-- Task --
Give back exactly the lines from the start of the listing to the line containing "CFS double shaft", inclusive, and nothing beyond them.

-- Data to examine --
◇ ◇ ◇ ◇ ◇

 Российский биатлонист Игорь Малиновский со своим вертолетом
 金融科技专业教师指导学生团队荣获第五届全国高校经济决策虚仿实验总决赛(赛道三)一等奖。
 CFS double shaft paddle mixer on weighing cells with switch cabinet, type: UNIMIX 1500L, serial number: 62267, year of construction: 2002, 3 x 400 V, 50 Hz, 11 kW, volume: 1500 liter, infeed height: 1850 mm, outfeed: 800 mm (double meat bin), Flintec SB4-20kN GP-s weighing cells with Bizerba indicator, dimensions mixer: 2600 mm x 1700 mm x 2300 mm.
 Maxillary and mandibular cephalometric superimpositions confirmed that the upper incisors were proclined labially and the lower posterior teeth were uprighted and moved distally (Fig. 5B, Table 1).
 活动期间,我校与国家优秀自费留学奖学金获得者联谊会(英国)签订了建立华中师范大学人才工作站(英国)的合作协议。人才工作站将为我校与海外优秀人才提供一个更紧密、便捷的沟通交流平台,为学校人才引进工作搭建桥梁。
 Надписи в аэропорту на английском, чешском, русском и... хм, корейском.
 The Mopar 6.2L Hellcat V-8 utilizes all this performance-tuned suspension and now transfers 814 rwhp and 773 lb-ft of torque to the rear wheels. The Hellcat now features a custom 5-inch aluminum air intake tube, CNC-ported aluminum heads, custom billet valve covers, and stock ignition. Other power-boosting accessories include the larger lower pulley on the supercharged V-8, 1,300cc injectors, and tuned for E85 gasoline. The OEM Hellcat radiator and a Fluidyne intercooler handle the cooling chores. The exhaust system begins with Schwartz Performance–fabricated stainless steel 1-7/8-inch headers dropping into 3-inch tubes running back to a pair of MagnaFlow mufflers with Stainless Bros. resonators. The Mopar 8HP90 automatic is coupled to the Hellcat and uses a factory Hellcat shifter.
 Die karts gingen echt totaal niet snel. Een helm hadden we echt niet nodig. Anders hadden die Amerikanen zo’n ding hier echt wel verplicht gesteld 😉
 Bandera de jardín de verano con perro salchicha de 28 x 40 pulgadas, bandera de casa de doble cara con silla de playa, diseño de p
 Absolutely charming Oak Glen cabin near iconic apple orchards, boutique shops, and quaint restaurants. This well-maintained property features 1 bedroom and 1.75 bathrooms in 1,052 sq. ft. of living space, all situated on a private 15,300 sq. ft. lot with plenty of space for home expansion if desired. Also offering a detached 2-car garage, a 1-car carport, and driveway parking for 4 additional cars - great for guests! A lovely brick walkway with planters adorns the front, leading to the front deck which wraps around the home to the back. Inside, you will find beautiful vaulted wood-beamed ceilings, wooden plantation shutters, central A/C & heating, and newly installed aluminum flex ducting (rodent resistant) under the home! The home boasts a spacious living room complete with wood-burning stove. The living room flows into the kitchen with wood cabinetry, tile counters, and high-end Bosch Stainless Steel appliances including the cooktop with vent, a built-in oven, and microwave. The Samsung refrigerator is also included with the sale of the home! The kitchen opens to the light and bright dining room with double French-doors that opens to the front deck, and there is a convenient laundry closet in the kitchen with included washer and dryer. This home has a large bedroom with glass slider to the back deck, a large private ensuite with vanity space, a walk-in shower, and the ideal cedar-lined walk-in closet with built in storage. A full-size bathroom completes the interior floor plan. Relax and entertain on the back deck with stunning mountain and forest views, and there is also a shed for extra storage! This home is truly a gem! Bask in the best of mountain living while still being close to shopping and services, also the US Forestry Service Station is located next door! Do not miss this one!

◇ ◇ ◇ ◇ ◇

-- Result of the exercise --
 Российский биатлонист Игорь Малиновский со своим вертолетом
 金融科技专业教师指导学生团队荣获第五届全国高校经济决策虚仿实验总决赛(赛道三)一等奖。
 CFS double shaft paddle mixer on weighing cells with switch cabinet, type: UNIMIX 1500L, serial number: 62267, year of construction: 2002, 3 x 400 V, 50 Hz, 11 kW, volume: 1500 liter, infeed height: 1850 mm, outfeed: 800 mm (double meat bin), Flintec SB4-20kN GP-s weighing cells with Bizerba indicator, dimensions mixer: 2600 mm x 1700 mm x 2300 mm.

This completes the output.